Banana Tree House

This is a blog on my incoherent thoughts and painstaking details of my life. Welcome and please consider this the disclaimer...

Monday, December 13, 2004

The Mentality of a Prisoner on Death Row

I read this article about a guy who committed murder (some kids?) in Japan and was thrown in jail for his crime. One day he was just executed without prior notice. The act of the Japanese government elicited a lot of heated discussions. It was said that it's very inhumane (to a murderer??) because he was living everyday not knowning which would be his last. (Note: from the article it sounded like this unannounced execution date thing was not a common practice.)

But here I think, is that how we are all? Walking around everyday not knowing if it will be out last? I guess people don't really consciously think about that everyday. Sometimes I feel like I have the mentality of a person on death row without knowing her execution date. But not for my own mortality. As I have said at the beginning of this blog. I view death in a different light than most. To mean death does not necessarily means a bad thing. When I was an intern at the Coroner's office, the first case I ran into was an old lady committed suicide. I didn't think it was sad. I saw it as the end of her battling with loneliness. Her spouse had passed before her. Perhaps she had no kids. Or maybe she did but they were too busy to visit her. Regardless, it was an end to suffering, in my opinion. I've also seen kids -- babies or toddlers -- died from abuse. Again, that was an end to their suffering, albeit a tragedy. These kids have multiple healed fractures on their bodies at a very young age. Had they lived till twelve or eighteen, it was just more sufferings. In that case, I believe it was almost better that what had happened had happened.

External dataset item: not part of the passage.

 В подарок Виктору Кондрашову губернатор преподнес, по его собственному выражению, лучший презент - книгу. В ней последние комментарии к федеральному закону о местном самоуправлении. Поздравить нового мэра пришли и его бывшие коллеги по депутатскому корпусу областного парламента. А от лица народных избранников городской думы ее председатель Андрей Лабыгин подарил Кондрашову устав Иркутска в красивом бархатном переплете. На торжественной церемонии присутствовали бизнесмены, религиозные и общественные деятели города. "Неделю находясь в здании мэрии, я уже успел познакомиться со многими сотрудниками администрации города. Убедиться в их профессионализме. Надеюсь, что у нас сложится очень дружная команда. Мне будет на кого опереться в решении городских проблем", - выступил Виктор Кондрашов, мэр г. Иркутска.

Back to what I was originally saying. I do not sit here and worry too much about my own mortality everyday, though I do occasionally. I worry more about not being able to be with my husband should things happen to me than death itself. They are not the same -- worrying about separation or the impending unknown, you know? I am not afraid of death in that sense. I suppose if I am lying on my death bed and knowing my days are counting, I'd be anxious about what really happens after "death," but as it stands, the idea of passing through this phase doesn't frighten me as much as it does others.

Instead, I worry for the mortality of my husband. Having no family or siblings and not even a lot of close friends, my husband means more than life itself to me. Some might argue that it's not healthy that way, but that's just the way it is. I did not make it this way, nor do I wish it's different. It just is this way. Forty thousand people are killed each year from drunk driving related accidents. That was my biggest fear. Senseless deaths (not the drunk drivers, I couldn't care less about them, but their innocent victims) enrage me, especially that of pre college teens. I can't divulge too much details, but when I was working at the tissue bank, the story of how this teenage girl was killed by two drunk drivers made me cried. It was the first and last time I have cried over a donor. I had always been very detached through out my three and a half years in the dead people field. Had I been assigned to that case, I would have to decline it.

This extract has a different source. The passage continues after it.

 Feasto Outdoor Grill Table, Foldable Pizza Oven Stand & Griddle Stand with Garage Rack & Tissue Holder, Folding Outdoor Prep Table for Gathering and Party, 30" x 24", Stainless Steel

I always worried about my husband being killed by a reckless or drunk driver when I am not with him. The fear of having to deal with the loss of him gets so overwhelming sometimes that the only way I can go on is to tell myself that I have the option of not having to live without him. Meaning that it would be a choice of mine whether to go on on my own in the event that I lost him. I have vocalized that idea to him before. He didn't like it at first. He still doesn't now. He doesn't want me to kill myself if he dies before me. But I argue that that should be my choice, not his. I am not saying that I would necessarily follow through with it, but I like to keep that option open. I will cross that bridge when I come to it, but for the time being, I need to know that I have that option to go on. In a sense it's like a religion to me. Some needs to know that there's a God and afterlife to go on. I need to know I have an option in the event that tragic happens to me (or more like my husband).

I was finally able to get him to the point of discussing the method with me. He asked me how I intend to do it. And I said I was considering shooting myself. (I've always been asking him to take me to a shooting range and teach me how to shoot and to buy a gun. :) But he suggested carbon monoxide poisoning as a better alternative, and I think he might be right. But if and when it comes to that, I'll need a fool-proof method. The last thing I want was to be saved after a failed attempt. (Also seen a woman who finally successfully killed herself on her ELEVENTH try. I think when someone was that determined, they really should respect her wish and stop trying to interfere.) I was actually very happy that my husband was willing to discuss that with me, albeit he strongly disagrees with my plan. Like I have said, that's the kind of open, clinical, and analytical relationship that we have, and I wouldn't want it any other way.